■ Study material
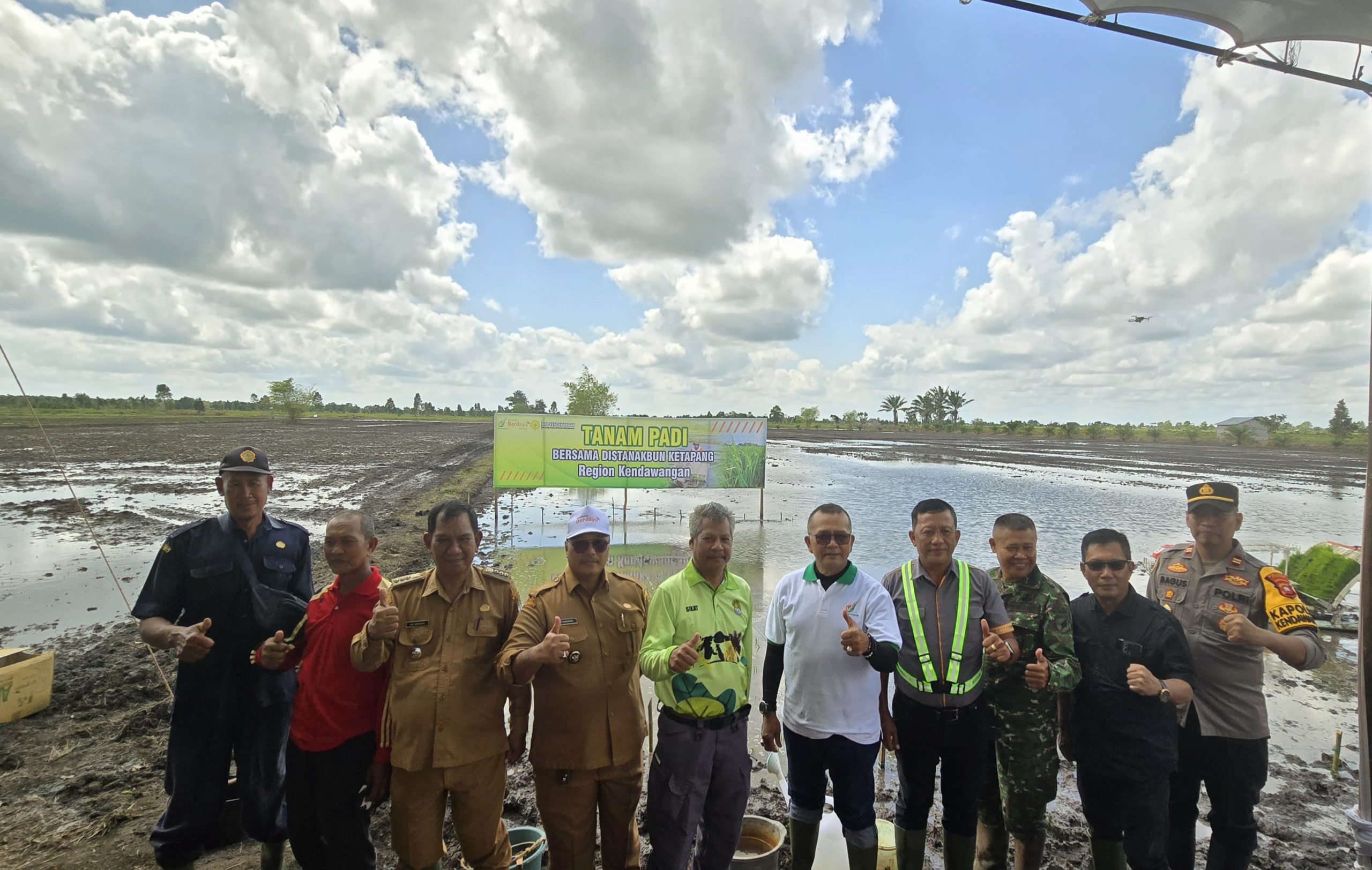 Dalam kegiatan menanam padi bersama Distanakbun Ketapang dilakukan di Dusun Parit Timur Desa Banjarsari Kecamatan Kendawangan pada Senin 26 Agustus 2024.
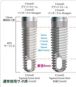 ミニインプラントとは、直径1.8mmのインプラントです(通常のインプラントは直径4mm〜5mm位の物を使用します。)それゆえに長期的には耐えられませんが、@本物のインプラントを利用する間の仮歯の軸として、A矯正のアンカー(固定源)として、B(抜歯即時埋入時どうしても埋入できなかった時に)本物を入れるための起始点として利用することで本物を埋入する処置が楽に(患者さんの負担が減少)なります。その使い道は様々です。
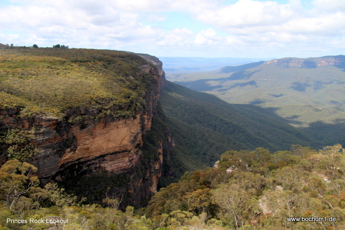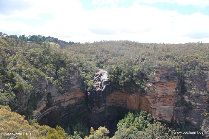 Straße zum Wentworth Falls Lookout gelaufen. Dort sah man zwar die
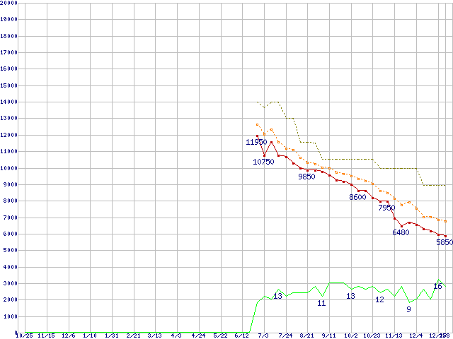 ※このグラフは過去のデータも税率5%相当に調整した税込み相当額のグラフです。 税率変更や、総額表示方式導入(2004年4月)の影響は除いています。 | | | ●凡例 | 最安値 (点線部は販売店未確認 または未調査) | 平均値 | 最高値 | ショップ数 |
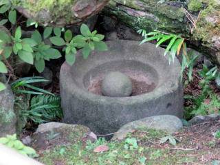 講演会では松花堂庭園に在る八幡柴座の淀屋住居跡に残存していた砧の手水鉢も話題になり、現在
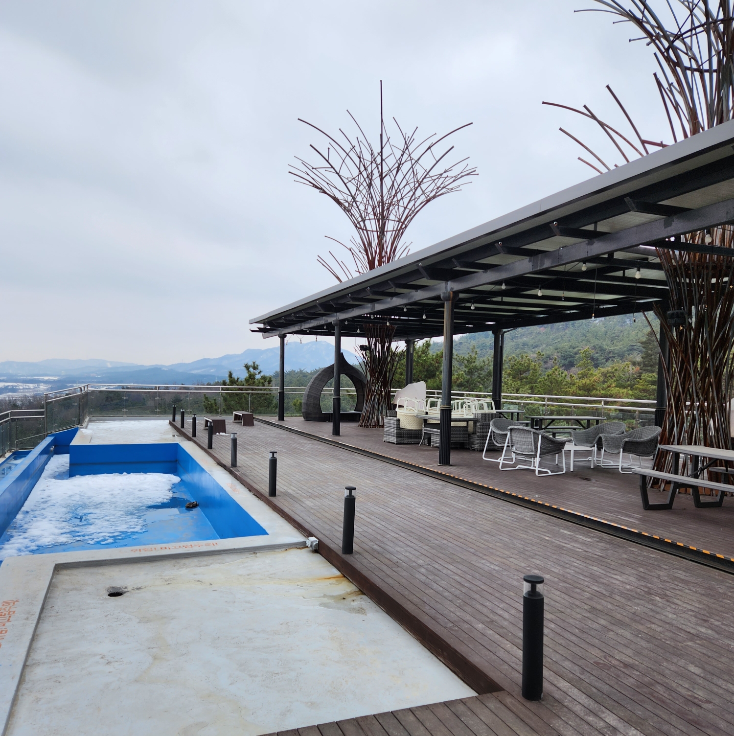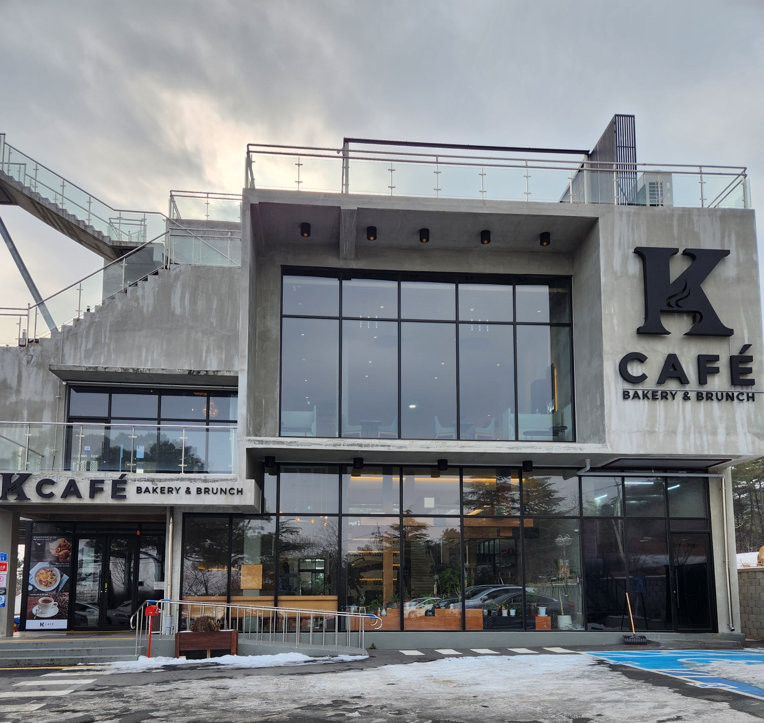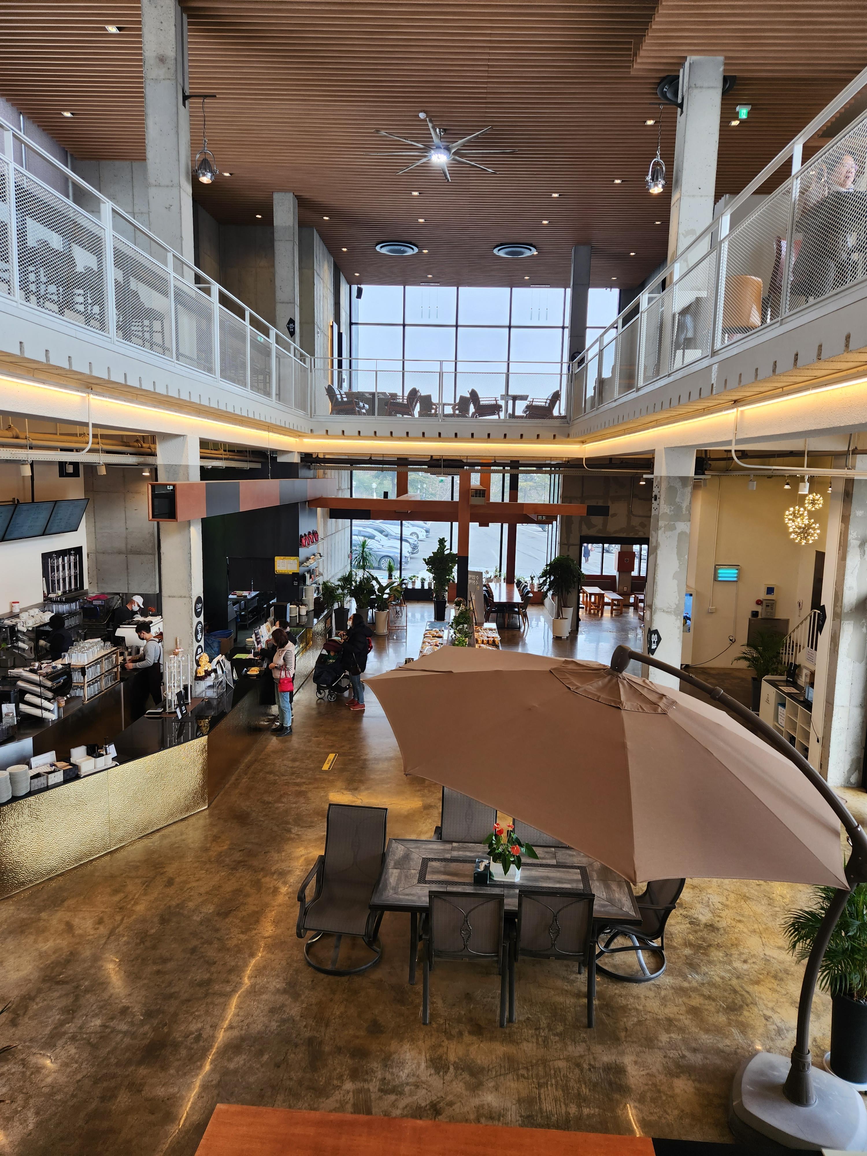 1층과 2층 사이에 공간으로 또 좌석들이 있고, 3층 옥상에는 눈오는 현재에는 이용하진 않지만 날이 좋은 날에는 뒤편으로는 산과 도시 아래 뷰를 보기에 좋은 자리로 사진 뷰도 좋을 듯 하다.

...

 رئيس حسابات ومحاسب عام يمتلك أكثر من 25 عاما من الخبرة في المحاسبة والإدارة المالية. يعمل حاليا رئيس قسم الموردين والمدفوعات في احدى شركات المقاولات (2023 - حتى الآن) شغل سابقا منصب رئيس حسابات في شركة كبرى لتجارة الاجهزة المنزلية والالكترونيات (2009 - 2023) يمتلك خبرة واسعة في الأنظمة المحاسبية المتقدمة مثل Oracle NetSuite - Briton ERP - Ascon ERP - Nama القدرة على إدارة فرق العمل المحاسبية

■ Problem
Working from the entries above, please transcribe only the lines from the line with "最高値 | ショップ数 |" through the line with "1층과 2층 사이에 공간으로", exactly, with both end lines and without pictures.

■ Task solution
 ※このグラフは過去のデータも税率5%相当に調整した税込み相当額のグラフです。 税率変更や、総額表示方式導入(2004年4月)の影響は除いています。 | | | ●凡例 | 最安値 (点線部は販売店未確認 または未調査) | 平均値 | 最高値 | ショップ数 |
 講演会では松花堂庭園に在る八幡柴座の淀屋住居跡に残存していた砧の手水鉢も話題になり、現在
 1층과 2층 사이에 공간으로 또 좌석들이 있고, 3층 옥상에는 눈오는 현재에는 이용하진 않지만 날이 좋은 날에는 뒤편으로는 산과 도시 아래 뷰를 보기에 좋은 자리로 사진 뷰도 좋을 듯 하다.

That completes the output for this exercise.